**Requirement**
Using the listing below, give again exactly the lines from the line with "白寿会の皆さんとの交流" to the line with "صورة أرشيفية للعمل خلال وقت الظهيرة", inclusive, without the pictures.
──────── Records supplied ────────
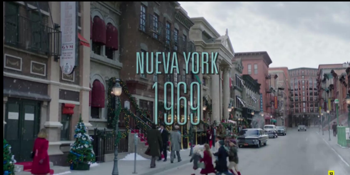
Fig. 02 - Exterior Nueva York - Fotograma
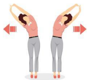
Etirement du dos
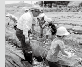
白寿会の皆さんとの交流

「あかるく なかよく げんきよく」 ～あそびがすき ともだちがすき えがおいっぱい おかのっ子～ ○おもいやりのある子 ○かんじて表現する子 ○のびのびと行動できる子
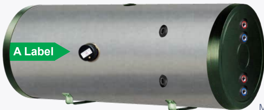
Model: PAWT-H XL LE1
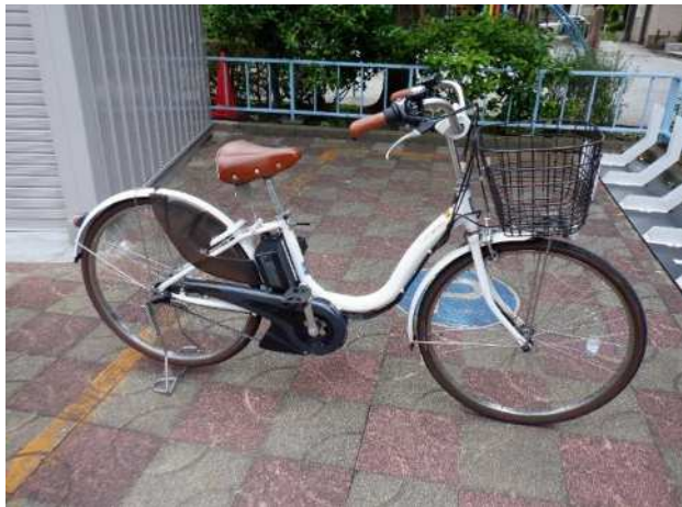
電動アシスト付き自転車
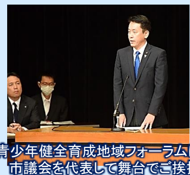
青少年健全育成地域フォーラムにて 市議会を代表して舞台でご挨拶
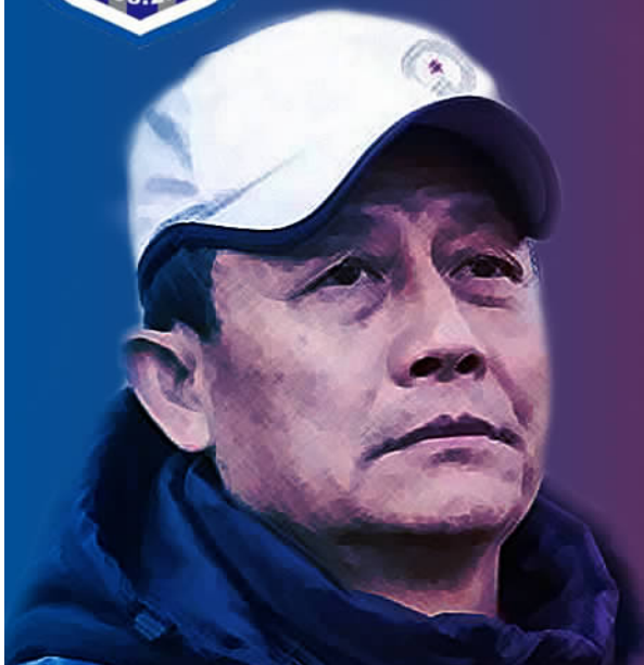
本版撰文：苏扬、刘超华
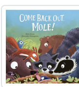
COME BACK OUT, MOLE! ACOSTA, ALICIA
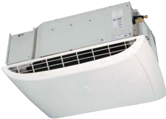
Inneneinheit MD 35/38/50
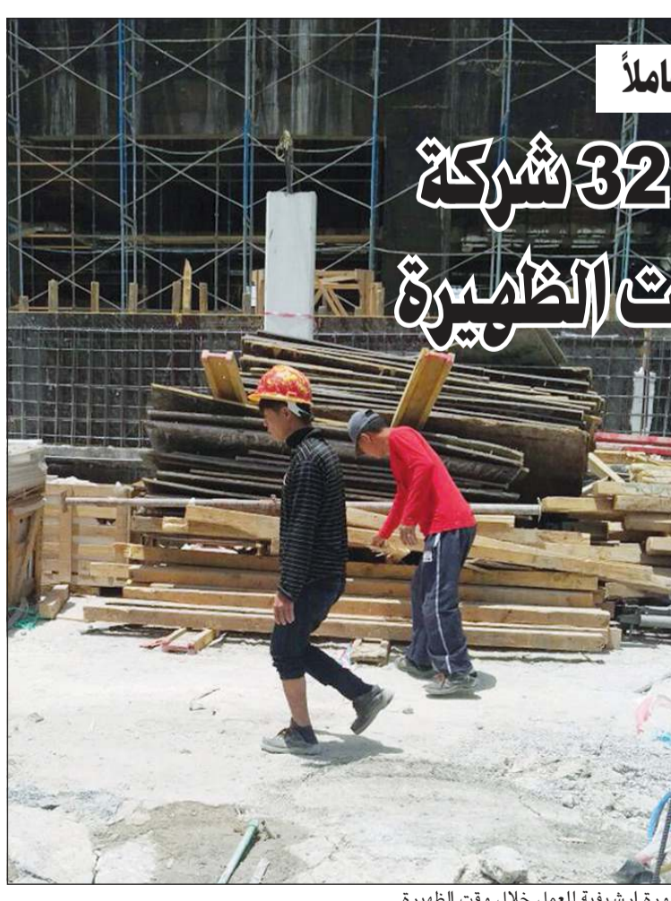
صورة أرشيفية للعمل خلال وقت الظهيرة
────────
──────── Records supplied ────────
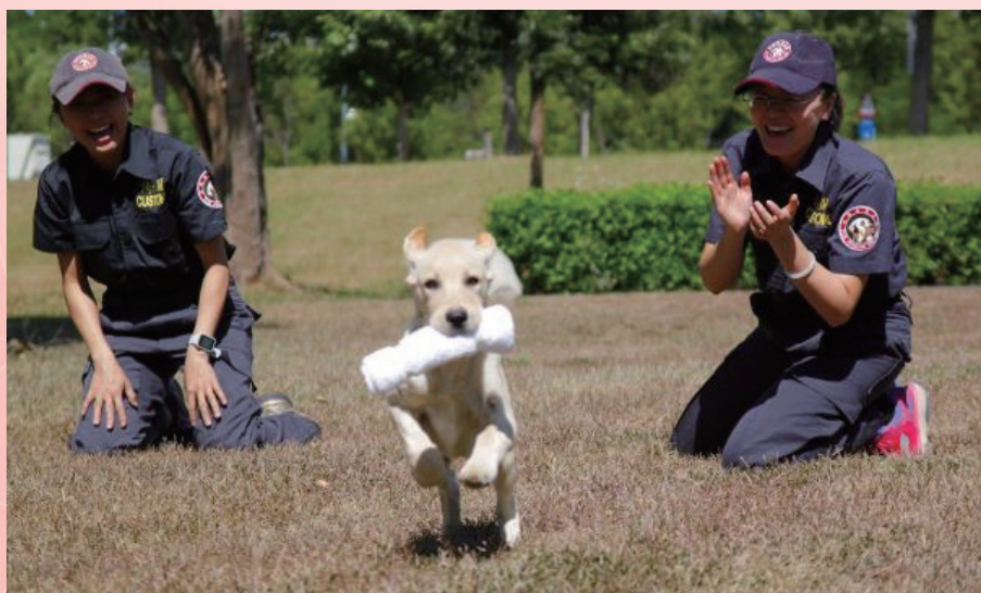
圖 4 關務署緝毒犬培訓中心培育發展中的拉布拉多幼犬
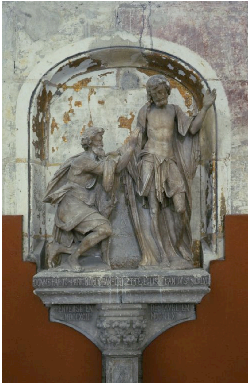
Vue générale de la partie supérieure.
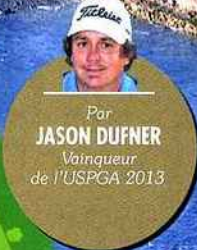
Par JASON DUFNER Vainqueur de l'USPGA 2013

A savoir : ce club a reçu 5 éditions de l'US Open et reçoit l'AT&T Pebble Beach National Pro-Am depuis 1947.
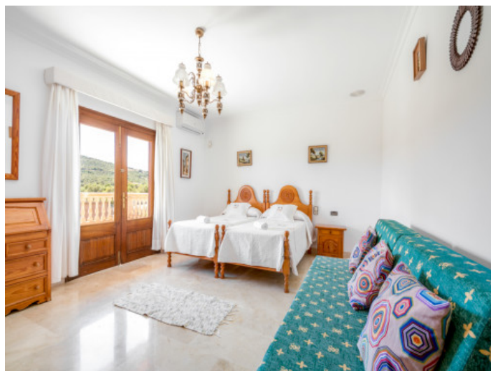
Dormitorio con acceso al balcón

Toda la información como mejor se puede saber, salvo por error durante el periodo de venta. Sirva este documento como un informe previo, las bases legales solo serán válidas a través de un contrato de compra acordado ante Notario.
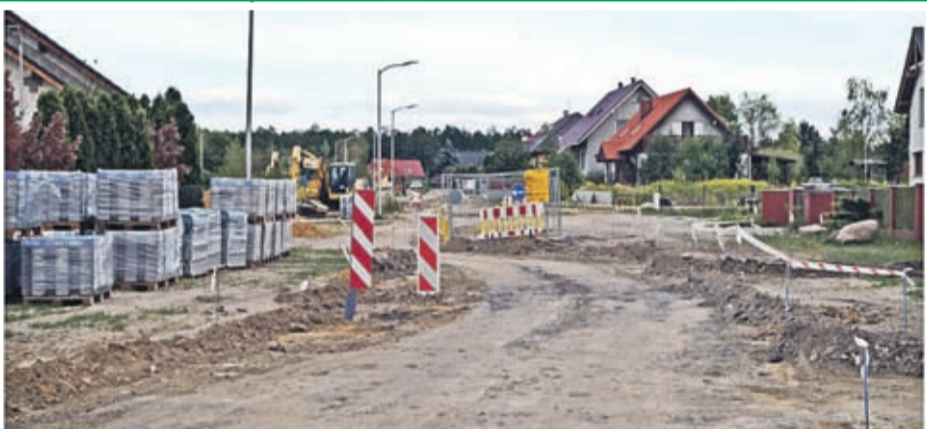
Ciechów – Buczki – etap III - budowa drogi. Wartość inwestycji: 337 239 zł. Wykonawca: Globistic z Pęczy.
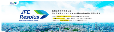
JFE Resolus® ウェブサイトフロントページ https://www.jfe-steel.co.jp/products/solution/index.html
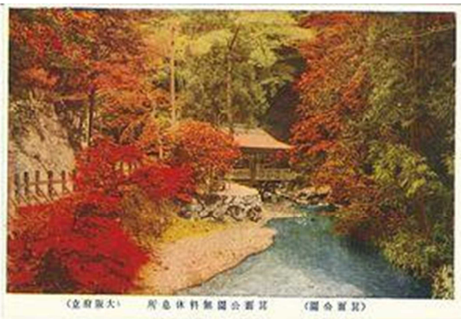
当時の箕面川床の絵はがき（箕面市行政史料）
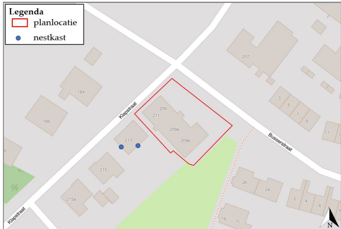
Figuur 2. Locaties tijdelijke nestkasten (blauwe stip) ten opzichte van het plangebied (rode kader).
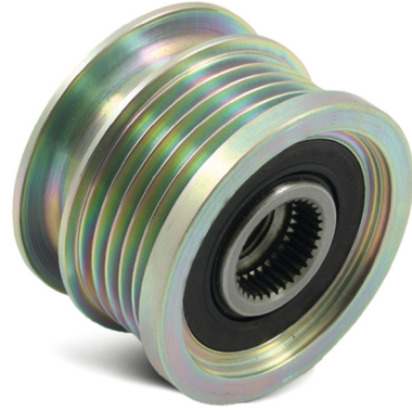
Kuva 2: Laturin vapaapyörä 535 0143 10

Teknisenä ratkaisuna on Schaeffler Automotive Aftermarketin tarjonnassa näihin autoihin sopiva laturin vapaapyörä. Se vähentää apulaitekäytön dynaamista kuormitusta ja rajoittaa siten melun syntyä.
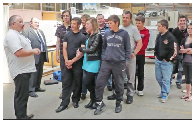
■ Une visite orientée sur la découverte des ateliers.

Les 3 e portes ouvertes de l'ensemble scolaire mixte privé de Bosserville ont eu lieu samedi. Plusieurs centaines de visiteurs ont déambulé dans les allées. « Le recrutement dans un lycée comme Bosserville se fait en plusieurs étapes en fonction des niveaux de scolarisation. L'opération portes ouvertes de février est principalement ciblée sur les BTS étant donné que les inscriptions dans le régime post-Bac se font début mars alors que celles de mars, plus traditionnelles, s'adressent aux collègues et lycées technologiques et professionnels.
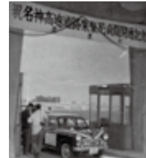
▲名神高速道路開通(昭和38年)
────────
──────── Records supplied ────────
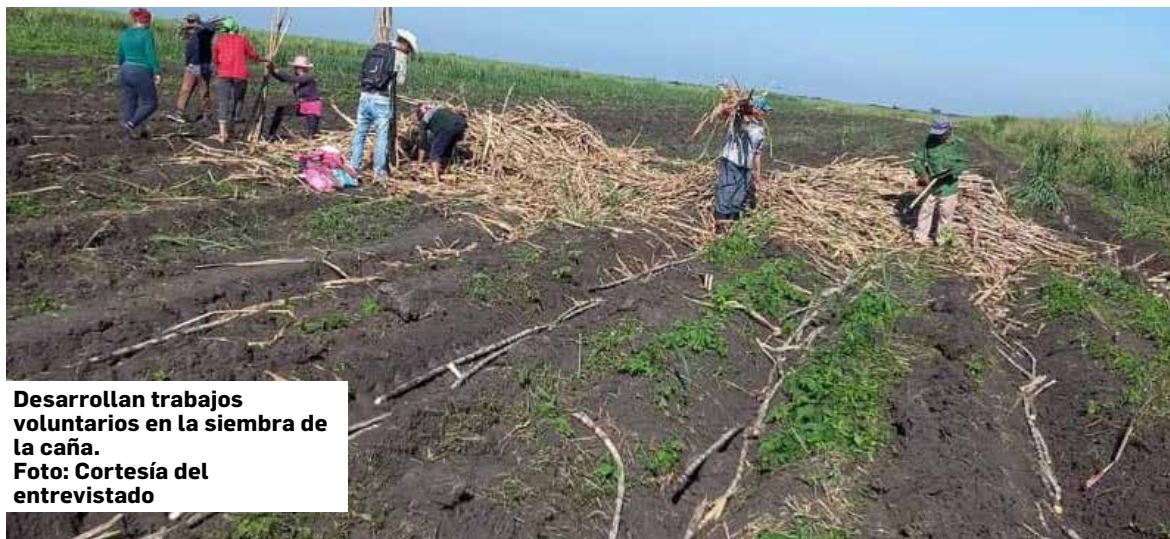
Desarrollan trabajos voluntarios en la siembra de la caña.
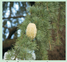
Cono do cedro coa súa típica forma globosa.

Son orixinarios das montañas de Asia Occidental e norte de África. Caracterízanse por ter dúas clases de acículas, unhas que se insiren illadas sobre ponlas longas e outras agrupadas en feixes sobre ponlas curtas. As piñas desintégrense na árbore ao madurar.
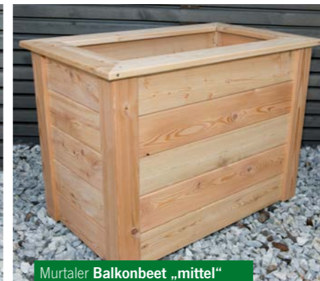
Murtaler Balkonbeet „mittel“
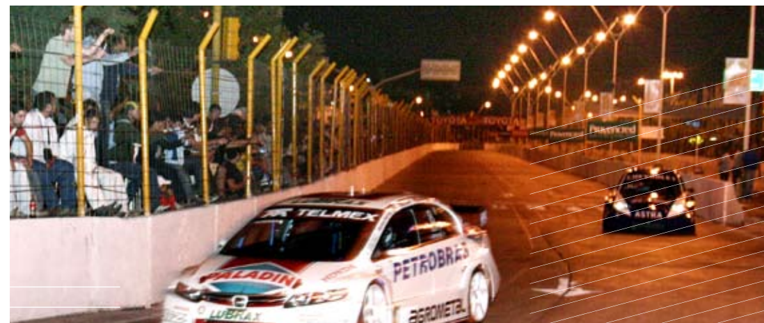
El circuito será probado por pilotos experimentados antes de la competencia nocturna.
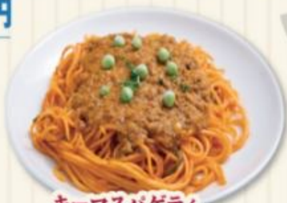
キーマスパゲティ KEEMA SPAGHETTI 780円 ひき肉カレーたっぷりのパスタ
────────
**Output for this exercise**
白寿会の皆さんとの交流

「あかるく なかよく げんきよく」 ～あそびがすき ともだちがすき えがおいっぱい おかのっ子～ ○おもいやりのある子 ○かんじて表現する子 ○のびのびと行動できる子
Model: PAWT-H XL LE1
電動アシスト付き自転車
青少年健全育成地域フォーラムにて 市議会を代表して舞台でご挨拶
本版撰文：苏扬、刘超华
COME BACK OUT, MOLE! ACOSTA, ALICIA
Inneneinheit MD 35/38/50
صورة أرشيفية للعمل خلال وقت الظهيرة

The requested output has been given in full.